What is the underlying mechanism in diarrhea caused by the ff agents: Salmonella, Shigella, amebiasis, Yersinia

a. mucosal invasion
b. decreased surface area
c. decreased motility
d. increased motility
e. osmotic
f. secretory

Answer 45

a. mucosal invasion

- organisms cause inflammation, decreases colonic reabsorption, increases motility

Question 46

What is the underlying mechanism in diarrhea caused by the ff agents: lactase deficiency, lactulose, laxative overdose

a. mucosal invasion
b. decreased surface area
c. decreased motility
d. increased motility
e. osmotic
f. secretory

Answer 46

e. osmotic

• due to maldigestion, usually low in volume
• STOPS with fasting

Question 47

What is the underlying mechanism in diarrhea caused by the ff agents: short bowel, celiac disease, rotavirus

a. mucosal invasion
b. decreased surface area
c. decreased motility
d. increased motility
e. osmotic
f. secretory

Answer 47

b.decreased surface area

• decreased functional capacity
• watery

Question 48

What is the underlying mechanism in diarrhea caused by the ff agents: irritable bowel syndrome, thyrotoxicosis

a. mucosal invasion
b. decreased surface area
c. decreased motility
d. increased motility
e. osmotic
f. secretory

Answer 48

d. increased motility

• decreased transit time
• loose to normal stools

Question 49

Among disk button batteries, coins, or small plastic toys, which should be removed expediently because they can induce mucosal injury in as little as 1hr of contact time and involve all esophageal layers within 4hr?

Answer 49

disk button batteries

• Asymptomatic blunt objects and coins lodged in the esophagus can be observed for up to 24hr in anticipation of passage into the stomach

Question 50

Between acidic and alkali caustic ingestions, which is ingested in greater volume because it is tasteless and not bitter?

Answer 50

liquid alkali substances produce severe, deep liquefaction necrosis; drain decloggers are most common, and because they are tasteless, more is ingested

alkali - liquefaction necrosis
acid - coagulation necrosis

Question 51

What is the recommended acute treatment for caustic ingestion?
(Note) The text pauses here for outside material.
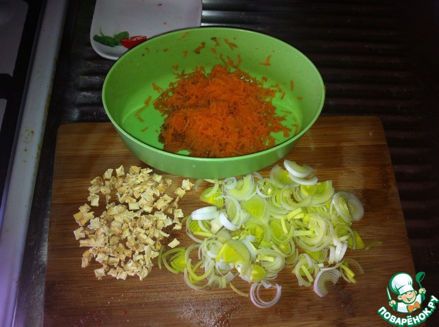 Пока тушится соус томатный, готовим ингредиенты для фарша. Мелко натираем морковь, режем лук-порей, мелко на кубики рубим сельдерей, режем болгарский перец и чеснок. Все овощи обжариваем на сковороде на оливковом масле до готовности.

a. dilution by milk or water
b. neutralization
c. induced emesis
d. gastric lavage

Answer 51

a. dilution with milk or water

- all other choices are contraindicated

Question 52

What is the most common type of esophageal atresia?

Answer 52

type A: the upper esophagus ends in a blind pouch and the TEF is connected to the distal esophagus

• Esophageal atresia (EA) is the most common congenital anomaly of the esophagus; of these, >90% have an associated tracheoesophageal fistula (TEF).

Question 53

Newborn was noted to be frothing and bubbling at the mouth and nose after birth as well as episodes of coughing, cyanosis, and respiratory distress. Feeding exacerbates these symptoms, causes regurgitation, and can precipitate aspiration. At the NICU,there was an inability to pass a nasogastric or orogastric tube.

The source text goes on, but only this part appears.